Wednesday, August 10, 2011
My husband says again that he wants a divorce, he won't try counseling.
Ok so my husband and I have had a lot of issues the past 8 months. We've had a lot of ups and downs which some of which I thought we were past. He would jump down my throat for dwelling on the past but yet he was doing the same in another way. He was dwelling on the fights and believes that this marriage isn't salvageable. I think it is if we would go to counseling. He says that counseling won't work and that he wants a divorce. I have been staying with my mother and he keeps the kids with him willingly. I found out today that he is more concerned about how he feels about himself. He says he hates himself because he can never make anyone happy (i.e me, or his family- they don't spend time with him).

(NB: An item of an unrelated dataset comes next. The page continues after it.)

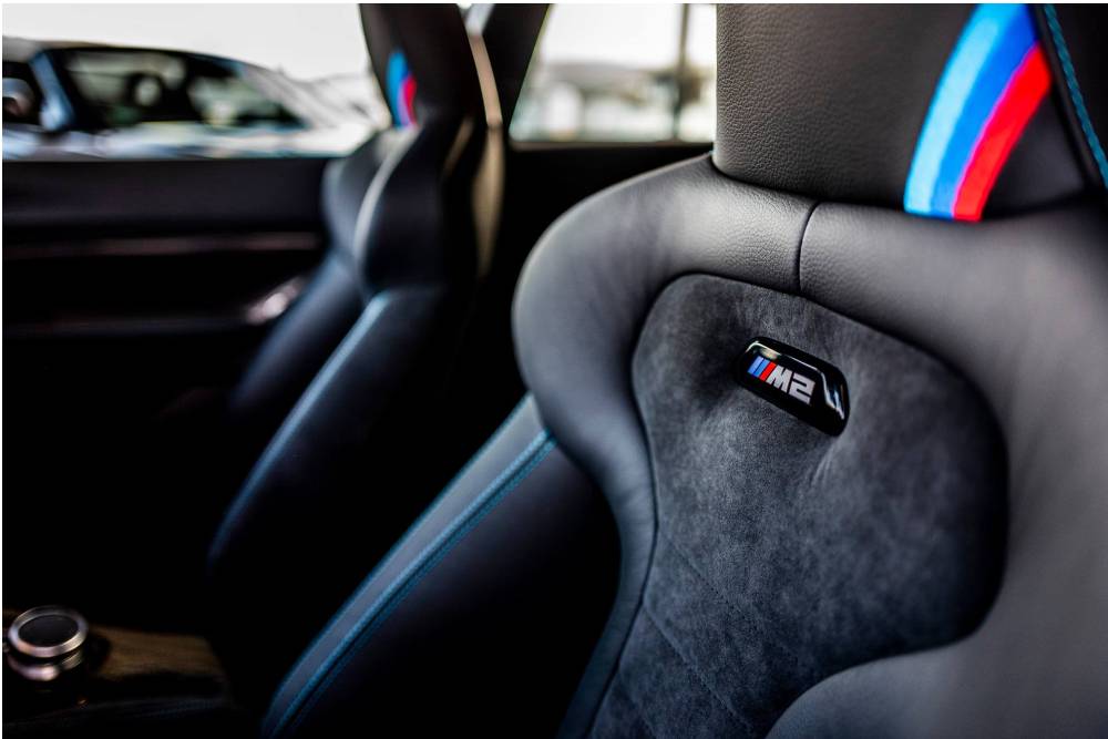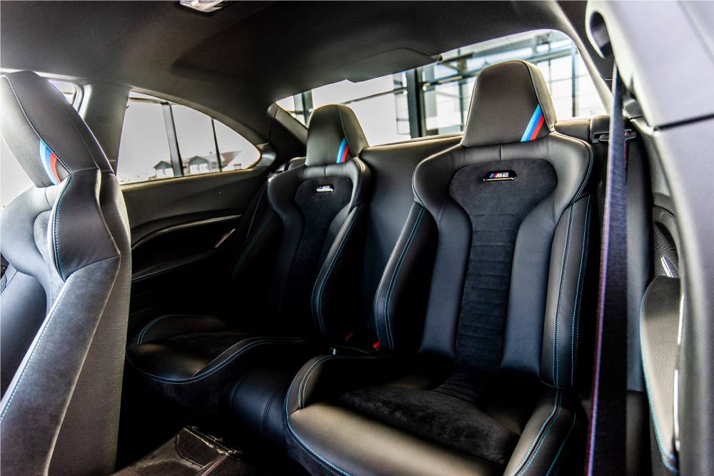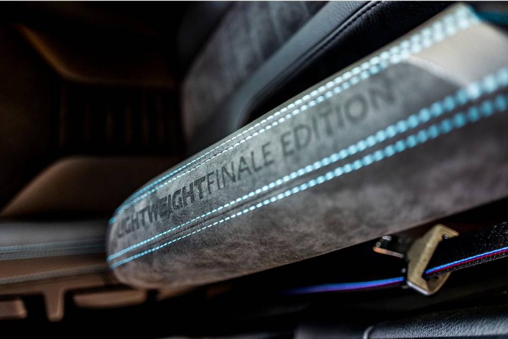 Από την κορυφαία M5 είναι εμπνευσμένη η διάταξη του πίσω καθίσματος, με τα δυο ανεξάρτητα μπάκετ. Τα ανθρακονήματα, οι δερμάτινες-suede επενδύσεις και το βουρτσισμένο αλουμίνιο σε γαλάζιο χρώμα, εννοείται πως κυριαρχούν στο εσωτερικό.

This is his exact words: "I’m sorry. I want to be alone. I have come to the realization that I hate myself when I can’t make other people happy. So to avoid that, I need to be alone. I don’t want counseling. I’m sorry gin. This is where I want to be." I don't want him to feel this way, I want him to be happy. I know being alone will only depress him more and it's why I think he should go to counseling. I want him to love himself again and accept the love I have for him. I know I can't make him go but how do I deal with this heartache I have from him wanting to get a divorce when I feel like things can get better if we went to counseling. I feel like I am failing if I don't at least try to make it work even though it's him that doesn't want it. How do I live with this decision of his? I feel helpless because I don't want it. I wish he would understand how much I love him and just try. I want to help him but he won't let me. How do I handle feeling so helpless?